Work order ::
Since pictures are not wanted, repeat only the text of the records, word for word.

Stored data
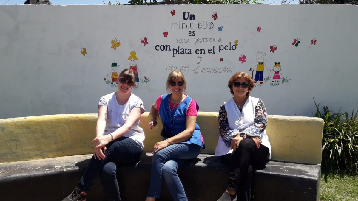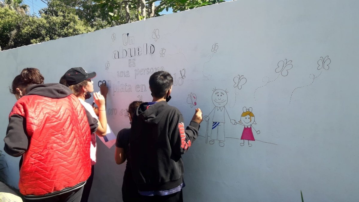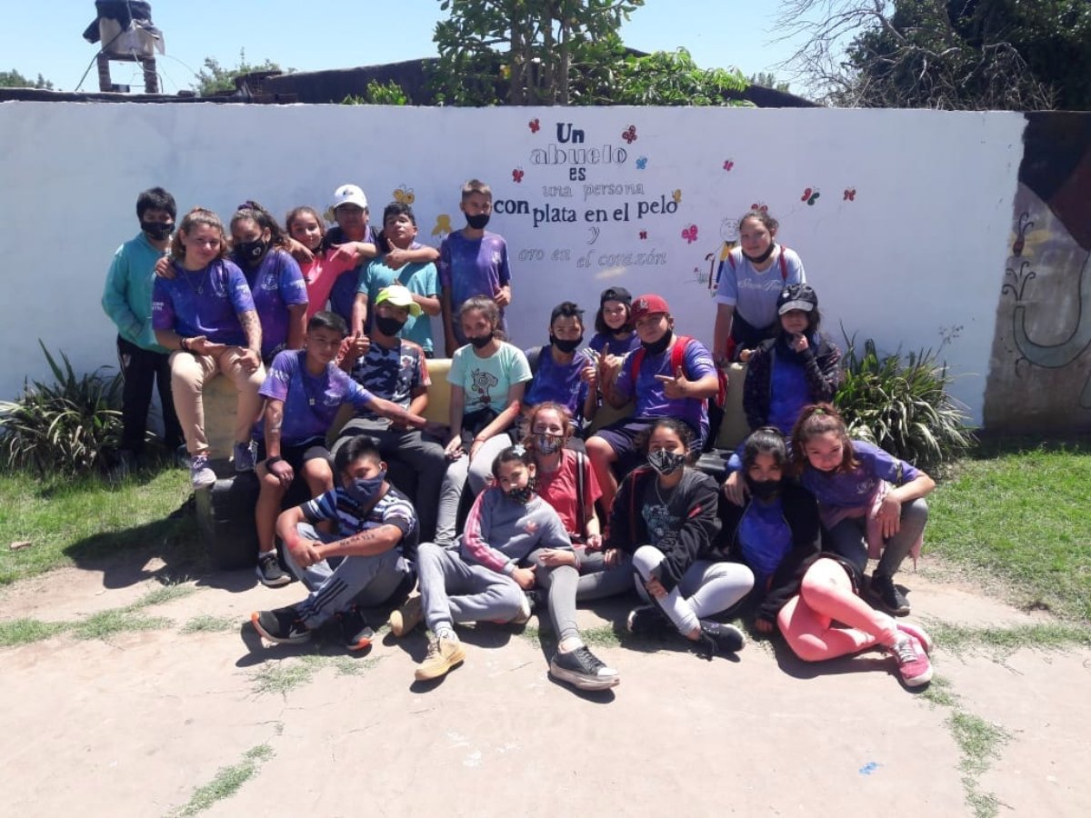 Los alumnos de Séptimo Grado de la escuela Nº 6388 «Juan B.V. Mitri», quienes apadrinan la Plaza «De los Abuelos» de nuestro barrio, en la semana anterior estuvieron presentes en la misma para realizar nuevas pinturas en su tapial.
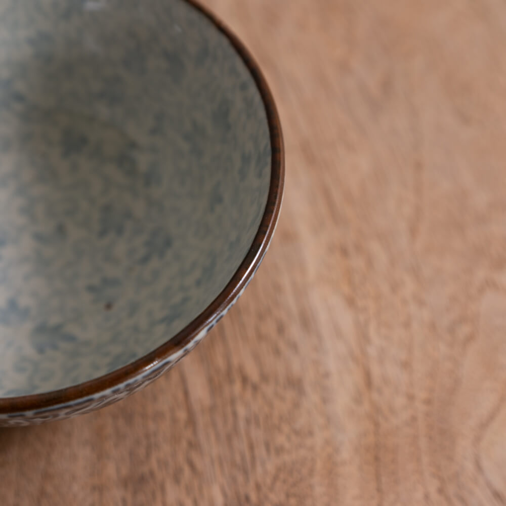 口縁に施された茶色の縁巻きは、全体を優しくまとめあげるアクセント。白と藍のコントラストを引き締め、器に上品な温かみを添えています。細部まで気配りのあるデザインです。
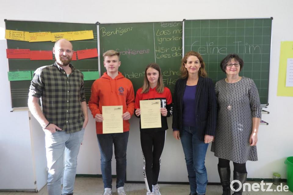 Drei Doppelstunden haben sie erfolgreich in der fünften Klasse gehalten. Jugendsozialarbeiterin Carola Reger hatte die zwei Schüler während der Ausbildung und bei der Vorbereitung des Projekts begleitet
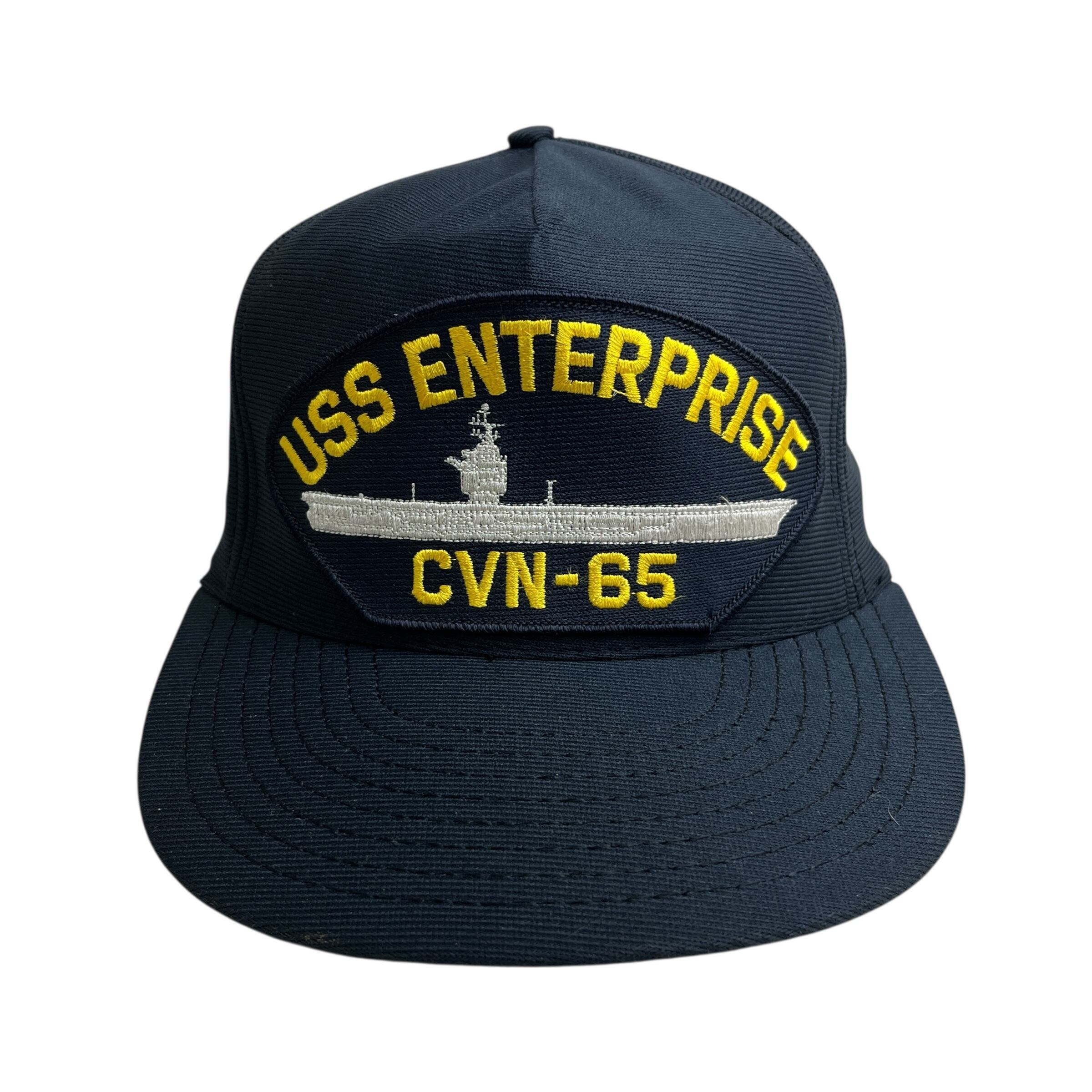 深いネイビーカラーにUSS Enterprise CVN-65の刺繍が施されたキャップ。CVN-65は1961年に就航した世界初の原子力空母で、その歴史的な存在感を表現したデザインです。ミリタリーテイストのヴィンテージキャップとして、ファンやコレクターにもおすすめの一品です。
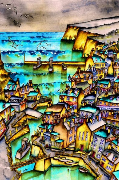Colourful image of the atmospheric fishing village in N. Yorks that has become an artist's community. The cottages tumble down to the harbour and beck which you access via the numerous ginnels and snickels. If you have not been here you must visit but on a sunny day. The beach is great for children with exciting rockpools at low tide.

Result for this exercise ::
 Los alumnos de Séptimo Grado de la escuela Nº 6388 «Juan B.V. Mitri», quienes apadrinan la Plaza «De los Abuelos» de nuestro barrio, en la semana anterior estuvieron presentes en la misma para realizar nuevas pinturas en su tapial.
 口縁に施された茶色の縁巻きは、全体を優しくまとめあげるアクセント。白と藍のコントラストを引き締め、器に上品な温かみを添えています。細部まで気配りのあるデザインです。
 Drei Doppelstunden haben sie erfolgreich in der fünften Klasse gehalten. Jugendsozialarbeiterin Carola Reger hatte die zwei Schüler während der Ausbildung und bei der Vorbereitung des Projekts begleitet
 深いネイビーカラーにUSS Enterprise CVN-65の刺繍が施されたキャップ。CVN-65は1961年に就航した世界初の原子力空母で、その歴史的な存在感を表現したデザインです。ミリタリーテイストのヴィンテージキャップとして、ファンやコレクターにもおすすめの一品です。
Colourful image of the atmospheric fishing village in N. Yorks that has become an artist's community. The cottages tumble down to the harbour and beck which you access via the numerous ginnels and snickels. If you have not been here you must visit but on a sunny day. The beach is great for children with exciting rockpools at low tide.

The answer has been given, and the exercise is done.